Work to complete = Write out exactly, please, every line from the beginning of the entries to the line holding "由于每日披露业绩预告的公司数", and no pictures.

Source information =
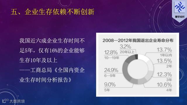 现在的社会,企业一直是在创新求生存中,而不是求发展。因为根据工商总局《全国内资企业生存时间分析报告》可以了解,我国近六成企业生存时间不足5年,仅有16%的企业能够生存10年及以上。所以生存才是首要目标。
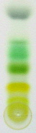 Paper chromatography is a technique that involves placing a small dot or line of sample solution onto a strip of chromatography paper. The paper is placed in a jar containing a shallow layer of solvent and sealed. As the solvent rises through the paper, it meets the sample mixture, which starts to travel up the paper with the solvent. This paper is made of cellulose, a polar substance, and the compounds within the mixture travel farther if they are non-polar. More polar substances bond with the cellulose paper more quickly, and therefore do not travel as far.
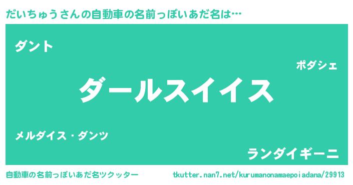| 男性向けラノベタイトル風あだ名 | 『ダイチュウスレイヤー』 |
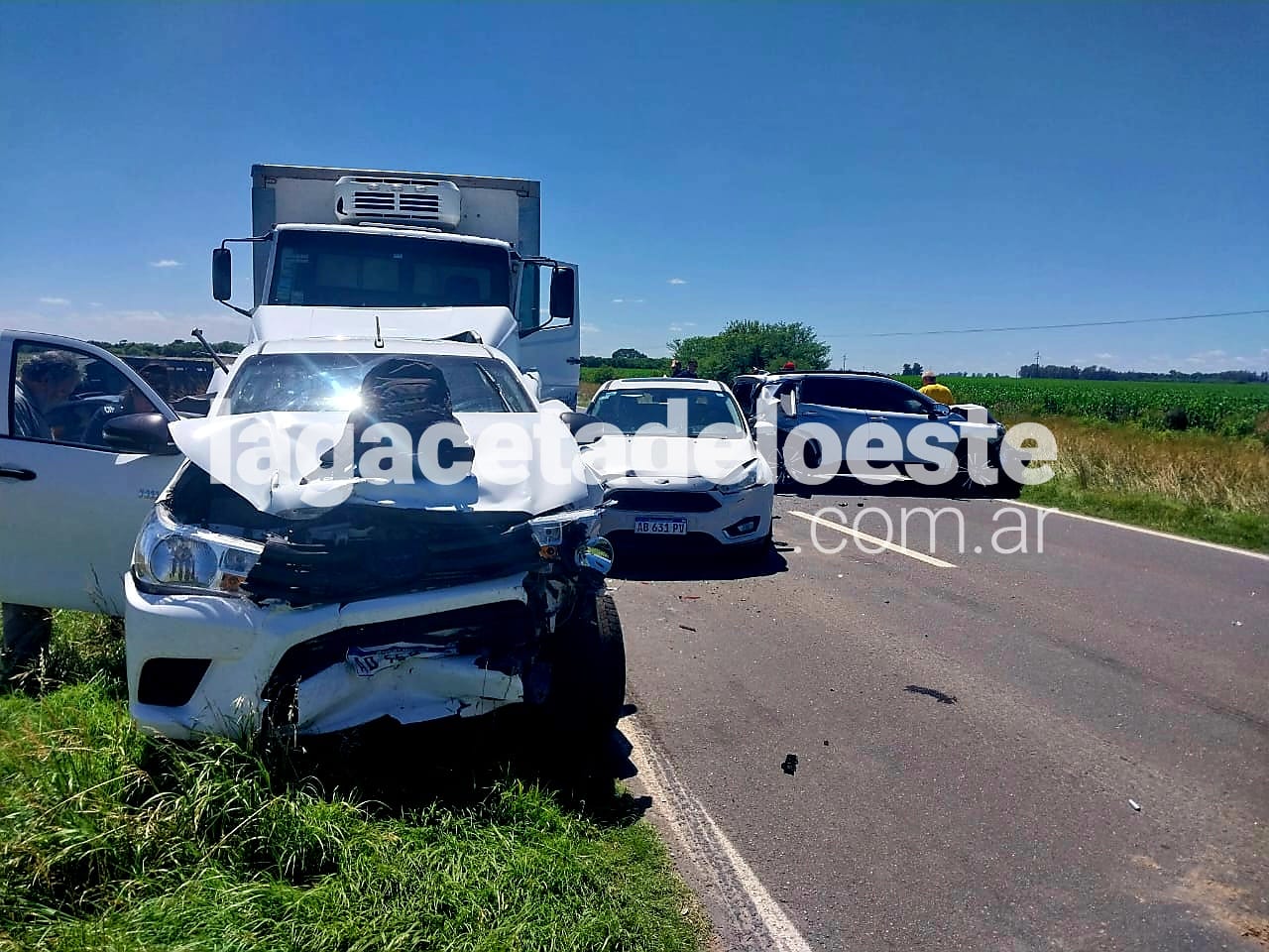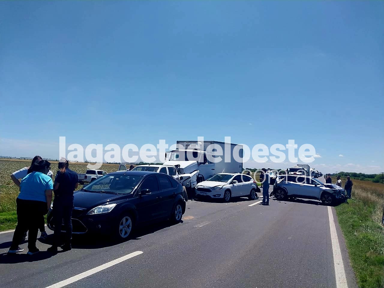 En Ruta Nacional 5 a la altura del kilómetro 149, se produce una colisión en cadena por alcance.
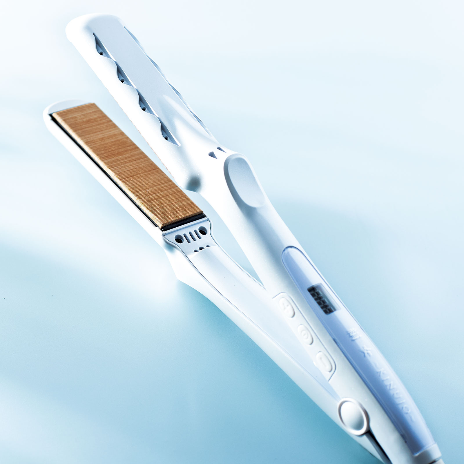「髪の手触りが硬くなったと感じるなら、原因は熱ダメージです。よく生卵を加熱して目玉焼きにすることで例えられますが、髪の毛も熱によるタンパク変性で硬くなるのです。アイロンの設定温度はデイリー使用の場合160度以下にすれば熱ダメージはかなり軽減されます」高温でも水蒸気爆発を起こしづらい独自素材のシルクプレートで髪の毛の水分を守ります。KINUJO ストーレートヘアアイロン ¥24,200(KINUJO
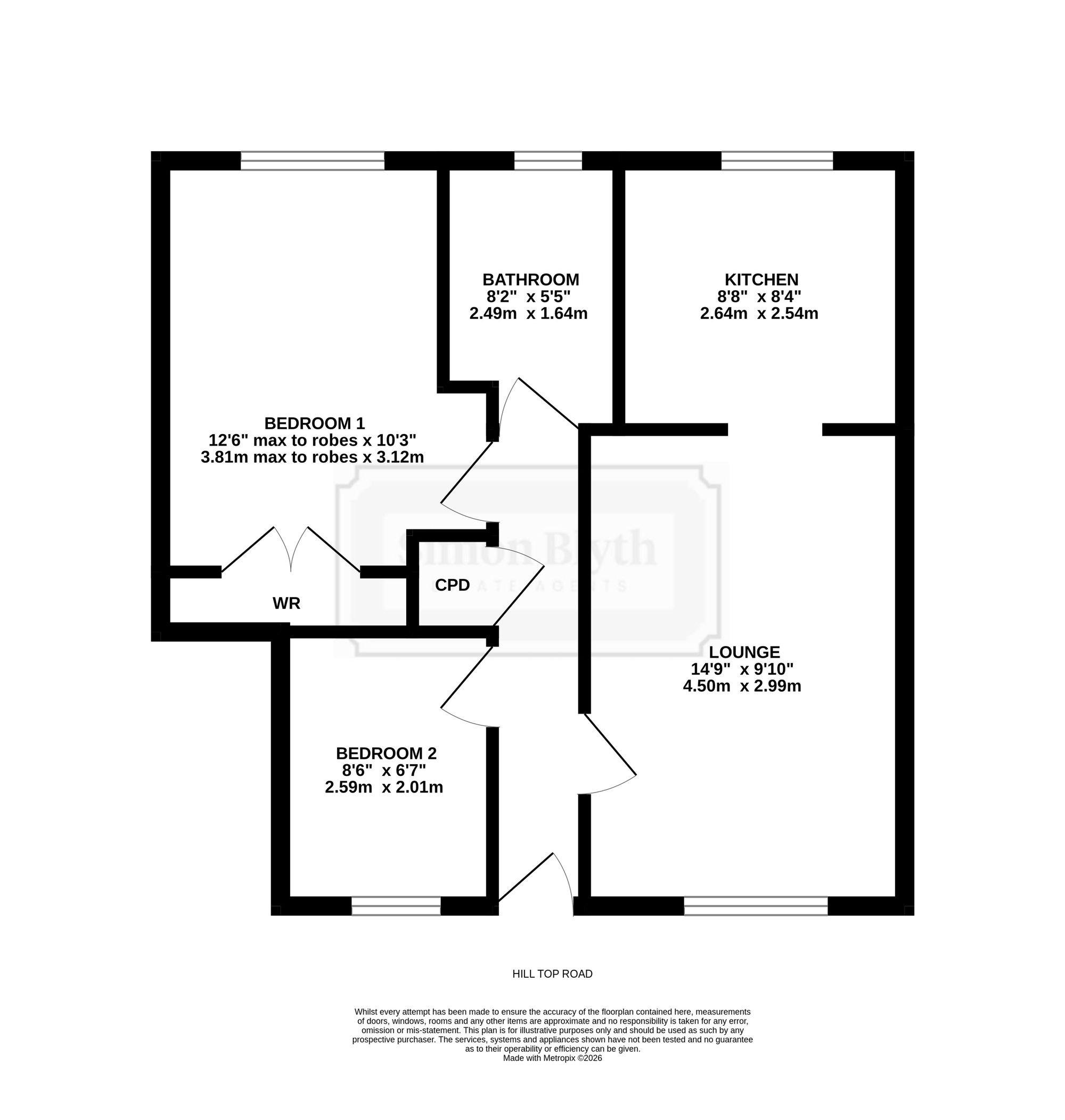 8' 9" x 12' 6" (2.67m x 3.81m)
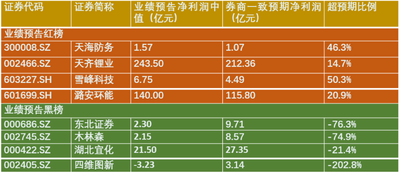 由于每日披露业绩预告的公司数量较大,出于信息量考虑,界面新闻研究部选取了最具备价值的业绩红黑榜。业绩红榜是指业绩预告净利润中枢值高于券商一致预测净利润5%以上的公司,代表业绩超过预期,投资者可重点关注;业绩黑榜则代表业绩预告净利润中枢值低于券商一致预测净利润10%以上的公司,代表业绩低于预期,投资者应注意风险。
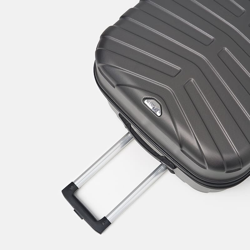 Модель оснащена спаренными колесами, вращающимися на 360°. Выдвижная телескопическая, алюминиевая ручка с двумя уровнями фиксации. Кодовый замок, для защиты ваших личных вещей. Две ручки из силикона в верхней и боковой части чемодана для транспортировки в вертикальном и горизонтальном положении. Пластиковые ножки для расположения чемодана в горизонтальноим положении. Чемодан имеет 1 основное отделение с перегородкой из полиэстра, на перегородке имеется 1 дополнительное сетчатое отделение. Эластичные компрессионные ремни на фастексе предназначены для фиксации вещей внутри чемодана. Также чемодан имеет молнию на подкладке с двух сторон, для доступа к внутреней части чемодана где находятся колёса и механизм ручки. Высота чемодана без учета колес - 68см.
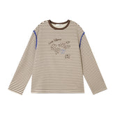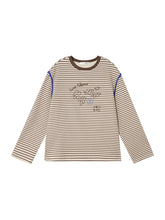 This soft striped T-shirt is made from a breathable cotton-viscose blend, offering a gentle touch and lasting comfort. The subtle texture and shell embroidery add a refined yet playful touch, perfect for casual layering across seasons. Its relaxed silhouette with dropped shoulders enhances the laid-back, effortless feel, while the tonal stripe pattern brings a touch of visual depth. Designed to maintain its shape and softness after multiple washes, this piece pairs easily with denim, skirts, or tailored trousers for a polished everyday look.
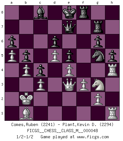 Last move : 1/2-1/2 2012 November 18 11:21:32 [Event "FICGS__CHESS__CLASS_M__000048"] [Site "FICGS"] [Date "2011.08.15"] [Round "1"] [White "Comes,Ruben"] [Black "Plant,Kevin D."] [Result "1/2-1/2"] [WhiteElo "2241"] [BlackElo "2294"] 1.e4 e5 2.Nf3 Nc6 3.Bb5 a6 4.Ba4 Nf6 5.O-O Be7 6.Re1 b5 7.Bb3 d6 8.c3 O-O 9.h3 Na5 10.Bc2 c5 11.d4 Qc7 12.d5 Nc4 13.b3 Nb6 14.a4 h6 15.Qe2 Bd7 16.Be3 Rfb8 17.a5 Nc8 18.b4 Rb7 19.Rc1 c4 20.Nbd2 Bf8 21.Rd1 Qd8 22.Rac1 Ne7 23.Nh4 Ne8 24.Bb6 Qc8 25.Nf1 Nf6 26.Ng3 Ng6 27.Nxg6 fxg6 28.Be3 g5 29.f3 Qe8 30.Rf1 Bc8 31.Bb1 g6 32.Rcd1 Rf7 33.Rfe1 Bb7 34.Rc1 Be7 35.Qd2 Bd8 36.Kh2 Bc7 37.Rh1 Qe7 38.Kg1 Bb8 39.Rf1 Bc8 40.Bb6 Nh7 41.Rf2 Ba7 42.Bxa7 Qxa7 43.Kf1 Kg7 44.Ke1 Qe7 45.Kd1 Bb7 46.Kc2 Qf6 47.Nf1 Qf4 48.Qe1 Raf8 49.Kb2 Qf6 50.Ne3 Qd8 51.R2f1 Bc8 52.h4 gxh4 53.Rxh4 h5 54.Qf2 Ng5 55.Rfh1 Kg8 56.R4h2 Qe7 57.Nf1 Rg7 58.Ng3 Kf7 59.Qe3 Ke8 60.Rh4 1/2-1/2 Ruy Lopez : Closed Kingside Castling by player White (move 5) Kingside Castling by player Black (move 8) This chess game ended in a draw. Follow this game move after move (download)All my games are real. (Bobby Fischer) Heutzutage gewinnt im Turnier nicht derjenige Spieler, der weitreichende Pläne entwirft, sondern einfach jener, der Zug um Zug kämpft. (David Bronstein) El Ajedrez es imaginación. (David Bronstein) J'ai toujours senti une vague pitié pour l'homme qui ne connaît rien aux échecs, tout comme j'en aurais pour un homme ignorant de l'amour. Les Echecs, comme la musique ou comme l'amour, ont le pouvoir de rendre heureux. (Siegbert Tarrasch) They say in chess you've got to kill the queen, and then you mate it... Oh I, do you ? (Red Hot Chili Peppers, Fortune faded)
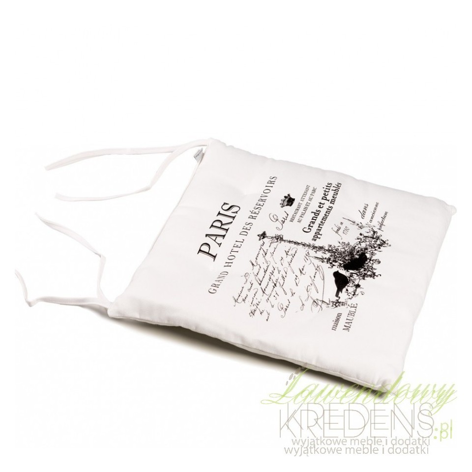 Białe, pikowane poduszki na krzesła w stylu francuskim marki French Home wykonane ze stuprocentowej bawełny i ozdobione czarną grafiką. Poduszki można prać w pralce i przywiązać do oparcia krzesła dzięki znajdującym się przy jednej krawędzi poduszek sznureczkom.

Response to the task =
 现在的社会,企业一直是在创新求生存中,而不是求发展。因为根据工商总局《全国内资企业生存时间分析报告》可以了解,我国近六成企业生存时间不足5年,仅有16%的企业能够生存10年及以上。所以生存才是首要目标。
 Paper chromatography is a technique that involves placing a small dot or line of sample solution onto a strip of chromatography paper. The paper is placed in a jar containing a shallow layer of solvent and sealed. As the solvent rises through the paper, it meets the sample mixture, which starts to travel up the paper with the solvent. This paper is made of cellulose, a polar substance, and the compounds within the mixture travel farther if they are non-polar. More polar substances bond with the cellulose paper more quickly, and therefore do not travel as far.
| 男性向けラノベタイトル風あだ名 | 『ダイチュウスレイヤー』 |
 En Ruta Nacional 5 a la altura del kilómetro 149, se produce una colisión en cadena por alcance.
「髪の手触りが硬くなったと感じるなら、原因は熱ダメージです。よく生卵を加熱して目玉焼きにすることで例えられますが、髪の毛も熱によるタンパク変性で硬くなるのです。アイロンの設定温度はデイリー使用の場合160度以下にすれば熱ダメージはかなり軽減されます」高温でも水蒸気爆発を起こしづらい独自素材のシルクプレートで髪の毛の水分を守ります。KINUJO ストーレートヘアアイロン ¥24,200(KINUJO
 8' 9" x 12' 6" (2.67m x 3.81m)
 由于每日披露业绩预告的公司数量较大,出于信息量考虑,界面新闻研究部选取了最具备价值的业绩红黑榜。业绩红榜是指业绩预告净利润中枢值高于券商一致预测净利润5%以上的公司,代表业绩超过预期,投资者可重点关注;业绩黑榜则代表业绩预告净利润中枢值低于券商一致预测净利润10%以上的公司,代表业绩低于预期,投资者应注意风险。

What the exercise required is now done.